Objective To investigate the incidence of non-ischemic changes in patients with non-STsegment
elevation acute myocardial infarction (NSTEMI) and its impact on prognosis. Methods From January
2014 to December 2017, 192 patients with NSTEMI who were admitted to the Department of Cardiology of Danyang
People's Hospital were divided into no ischemia group and ST group depression group according to the 12 or 18 lead
electrocardiogram in the emergency department. The incidence of non-ischemic changes in the electrocardiogram
of patients with NSTEMI, the incidence of cardiovascular composite endpoints during hospitalization and 30 days of
discharge were recorded.
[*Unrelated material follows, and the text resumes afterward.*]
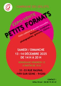 ![]() Objet : Expo-vente Petits Formats – Appel à candidatures La onzième édition des « Petits Formats » se tiendra le week-end des 13 et 14 décembre 2025 au sein des ateliers des 31-33 rue Raspail, à Ivry-sur-Seine Vous souhaitez exposer vos créations ? Posez votre candidature en envoyant quelques photos par mail à : gilles.hirzel@gmail.com […] |

Results Compared with the ST-segment depression group, the non-ischemic change group
was lighter in age, had a recent history of smoking, and had fewer cardiovascular risk factors. There was no ischemic
change group (n=110, 57.3%), and the incidence was significantly higher than that of the ST segment depression group
(n=82, 42.7%). The incidence of 3-vessel disease in the non-ischemic change group was lower than that in the STsegment
depression group (28.2% vs. 41.5%, P=0.003), left main (7.3% vs. 24.4%, P=0.000) and proximal anterior
descending The incidence of lesions (30.9% vs. 41.5%, P=0.027) was lower than that in the ST-segment depression
group, and the D-to-B time (h) in the no-ischemia group was significantly higher than that in the ST-segment
depression group ((30.88±18.29) vs. (14.61 ± 6.25), P=0.000). The MACE during hospitalization was lower than
the ST-segment depression group, but there was no significant difference between the 30-day MACE. Conclusion
According to the results of ECG examination, the incidence of ischemia-free electrocardiogram in patients with
NSTEMI is high, and the short-term prognosis is better than that in the ST-segment depression group. However, it still
needs to be highly concerned, and timely reperfusion therapy may improve the prognosis.